Alguém acha mesmo que nos dias de hoje alguém 'embranqueceria' Machado por preconceito racial?

E NÃO É QUE o pessoal da agência que trabalha para a Caixa Econômica Federal fez Machado de Assis "embranquecer"? Confesso que não tinha visto a peça publicitária, ou seja, fiquei sabendo de tudo de uma vez (da retirada do filme, pela CEF, e do filme em si, disponível no UOL). Vi também o comunicado da CEF, em que a instituição financeira explica por que tirou o filme do ar.
A primeira coisa que me veio à mente quando vi a notícia foi a antológica canção "Sugar Cane Fields Forever", do não menos antológico disco "Araçá Azul", de Caetano Veloso (de 1972 -o primeiro pós-Londres). Na canção, registrada como de Caetano Veloso e do poeta maranhense Joaquim de Sousa Andrade, o genial e revolucionário Sousândrade (1833-1902), Caetano repete à exaustão estes versos: "Sou um mulato nato / No sentido lato / Mulato democrático do litoral".
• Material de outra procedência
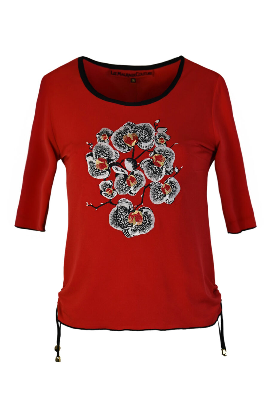 Shirt mit “orchidee-embroidery”, Kurzarm, Stitches:75000
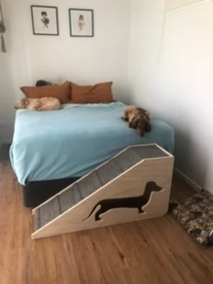 “I was so happy with the ramp for Gabby and Rocky. I got a second one but with the dog cut out. Thanks so much Rose and Trevor for delivering it. I’ve met the famous Poppy and she is adorable! Gabby likes the ramps so much she decided to have her naps on it.”

Em 2008, no dia em que Barack Obama foi indicado candidato democrata à presidência dos Estados Unidos, Caetano Veloso fez um show, em que entoou os versos que citei de "Sugar Cane" e fez um pronunciamento sobre Obama, sobre as palavras "mulato" e "negro" etc. Nesse pronunciamento, Caetano fez diversas considerações interessantes. Numa delas, cita o cineasta Joel Zito e o que ele diz sobre o uso das palavras "mulato" e "negro" (recomendo ao leitor o vídeo desse show, que está disponível no YouTube).
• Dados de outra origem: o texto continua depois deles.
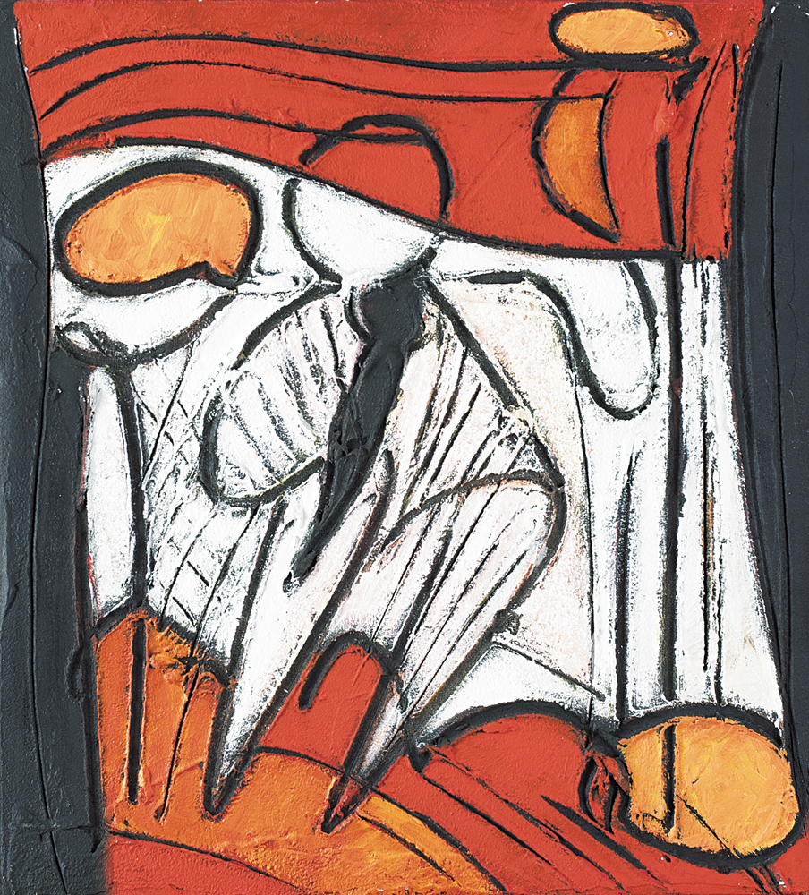 SILVANO SPESSOT Cormons 1957  La recita, 2007 tecnica mista su tela cm. 55x50, titolo, firma, anno e tecnica al retro, dichiarazione d'autenticità dell'artista su foto, opera senza cornice.

Bem, o fato é que a questão da peça publicitária da CEF trouxe à tona, mais uma vez, a discussão (às vezes exagerada) sobre questões raciais e sobre o uso de certas palavras. Já li e ouvi gente dizendo que a peça publicitária da CEF é racista etc. Cá entre nós, caro leitor: em sã consciência, alguém acha mesmo que nos dias de hoje alguém "embranqueceria" Machado de Assis na TV por preconceito racial? Nem o mais ardoroso e idiota adepto da Ku Klux Klan teria a "brilhante" ideia de "embranquecer" o grande Machado. Será que o problema não é outro? Será que o problema não se chama pura e simplesmente desinformação? Ou, para quem não gosta de eufemismos, ignorância?
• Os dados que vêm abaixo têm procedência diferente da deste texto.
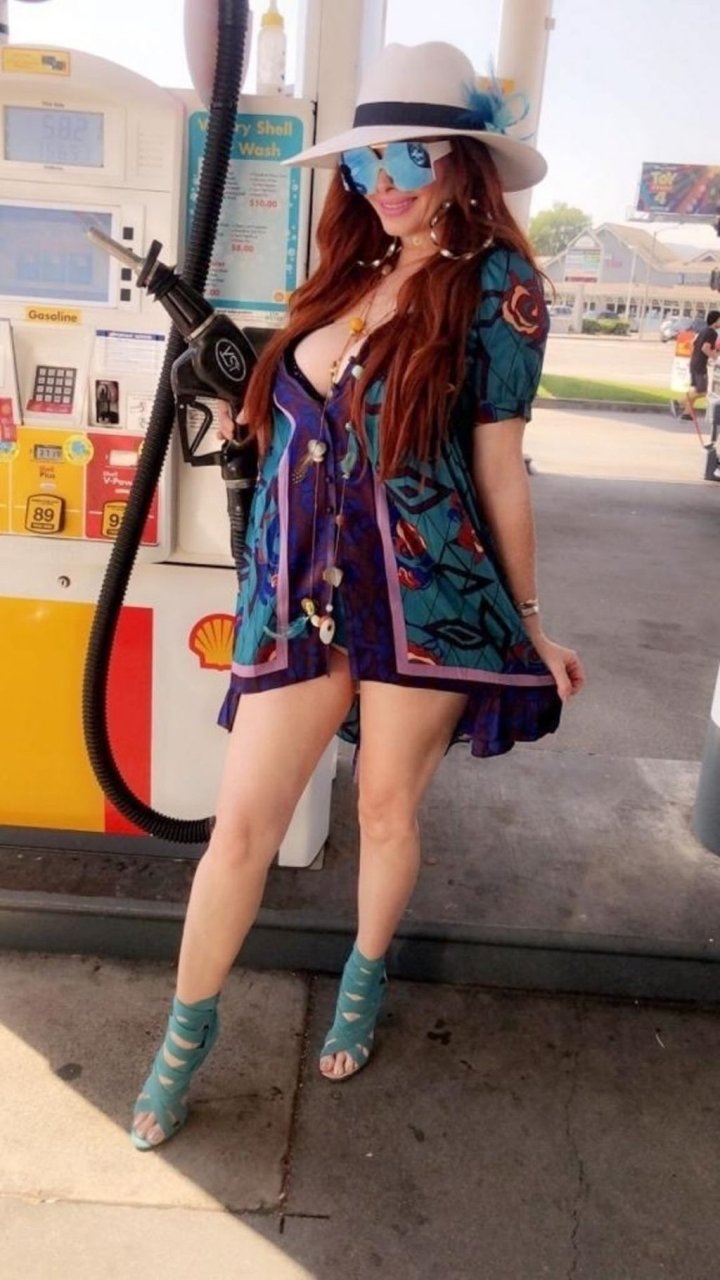 Wannabe актриса Фиби Прайс выглядит так, будто забыла штаны, чтобы бегать по делам в Лос-Анджелесе, 05.06.2019. Вечно стремящаяся актриса выгуливала свою собаку, а затем заправлялась бензином в том, что выглядело как бирюзовое нижнее белье с яркой рубашкой.

Parece mais um dos típicos casos do grande mal dos dias de hoje: a dura tarefa de transformar informação em conhecimento e/ou a dura tarefa de duvidar, de questionar, de ter coragem de dizer que o rei está nu. Ninguenzinho das trocentas pessoas que viram o filme antes que ele fosse posto no ar desconfiou que... Deus meu! Que falta faz uma criança! (Refiro-me ao conto "A Roupa Nova do Rei", do dinamarquês Hans Christian Andersen.)
Convém lembrar que o "Houaiss" dá esta origem da palavra "mulato": "Do espanhol mulato ('macho jovem'), por comparação da geração híbrida do mulato com a do mulo, de mulo ('macho')". Não é difícil entender a resistência de muitos ao emprego desse vocábulo.
Posto (tudo) isso, chego ao ponto, ou melhor, retomo o ponto da última coluna, em que abordei o texto-aula de Tostão (14/9), a partir do qual esbocei uma espécie de planejamento de uma possível aula de língua, texto, literatura. Recebi inúmeras mensagens de profissionais da educação, muitos dos quais disseram que levariam o meu texto para a sala de aula. Agradeço-lhes pela honra e ofereço-lhes mais uma peça (a coluna de hoje), com a qual ouso sugerir (mais uma vez) que um fato relevante, momentoso vire objeto de discussão e, sobretudo, de intertextualidade. E que a discussão seja sensata, pelo amor de Deus. Já chega da bobajada do politicamente (in)correto. É isso.